**DATA IN THIS EXERCISE:**

════

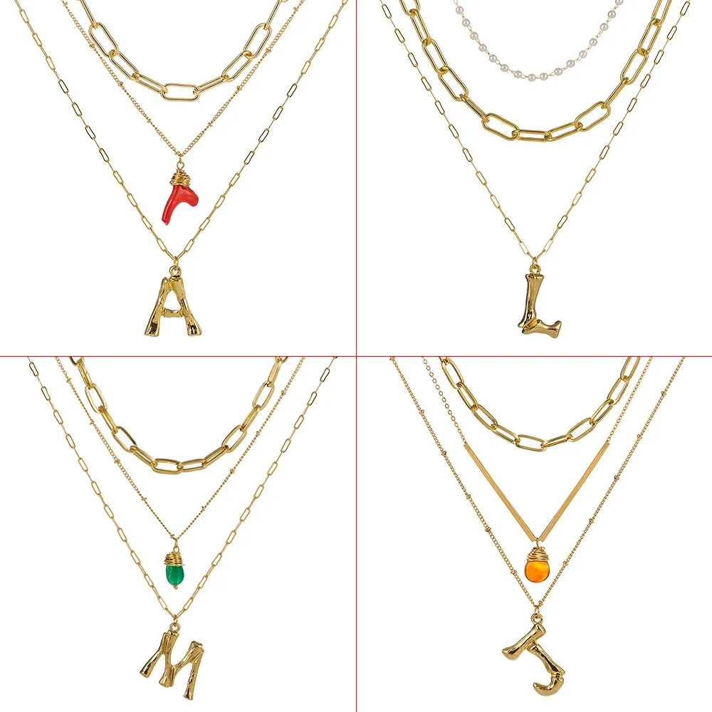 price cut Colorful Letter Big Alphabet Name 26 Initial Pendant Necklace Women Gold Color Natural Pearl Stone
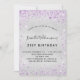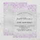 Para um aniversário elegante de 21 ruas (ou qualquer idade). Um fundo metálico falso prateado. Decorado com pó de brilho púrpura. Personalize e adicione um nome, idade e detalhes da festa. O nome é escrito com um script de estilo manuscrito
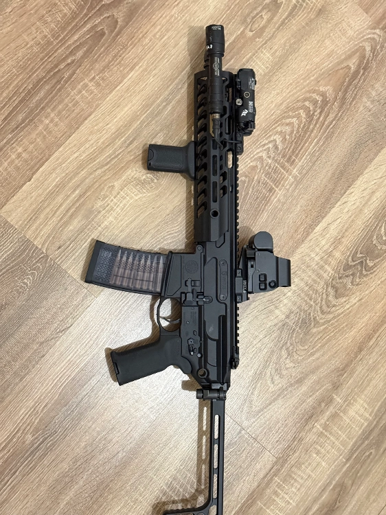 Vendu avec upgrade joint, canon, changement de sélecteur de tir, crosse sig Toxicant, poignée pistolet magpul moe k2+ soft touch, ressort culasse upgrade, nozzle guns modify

════

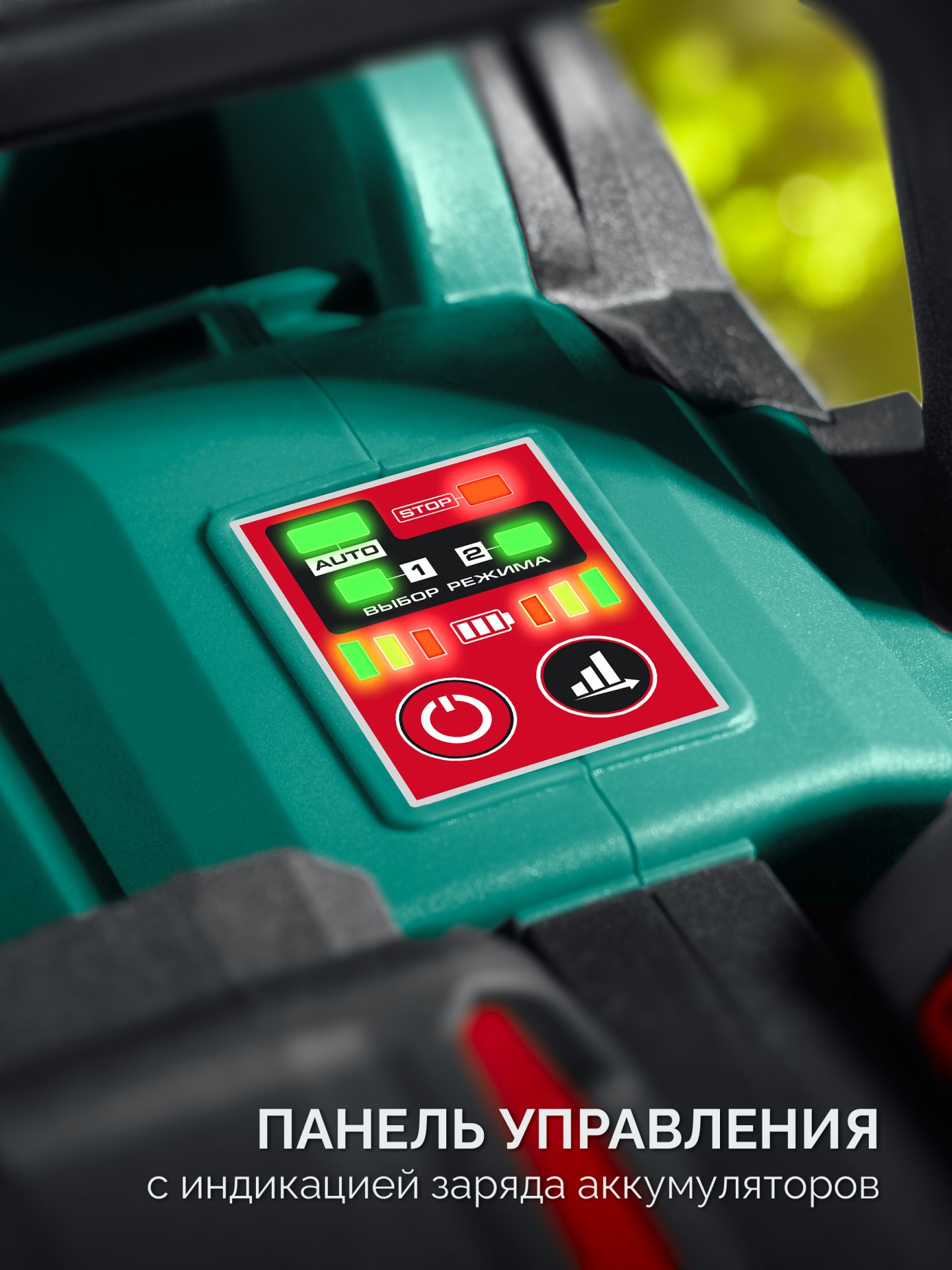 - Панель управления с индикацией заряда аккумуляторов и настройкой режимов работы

════

**WORK TASK:**
Word for word, repeat the lines above from the one with "price cut Colorful" through the one with "Vendu avec upgrade", and nothing beyond them. Omit the pictures.

**SOLUTION BELOW:**
 price cut Colorful Letter Big Alphabet Name 26 Initial Pendant Necklace Women Gold Color Natural Pearl Stone
 Para um aniversário elegante de 21 ruas (ou qualquer idade). Um fundo metálico falso prateado. Decorado com pó de brilho púrpura. Personalize e adicione um nome, idade e detalhes da festa. O nome é escrito com um script de estilo manuscrito
 Vendu avec upgrade joint, canon, changement de sélecteur de tir, crosse sig Toxicant, poignée pistolet magpul moe k2+ soft touch, ressort culasse upgrade, nozzle guns modify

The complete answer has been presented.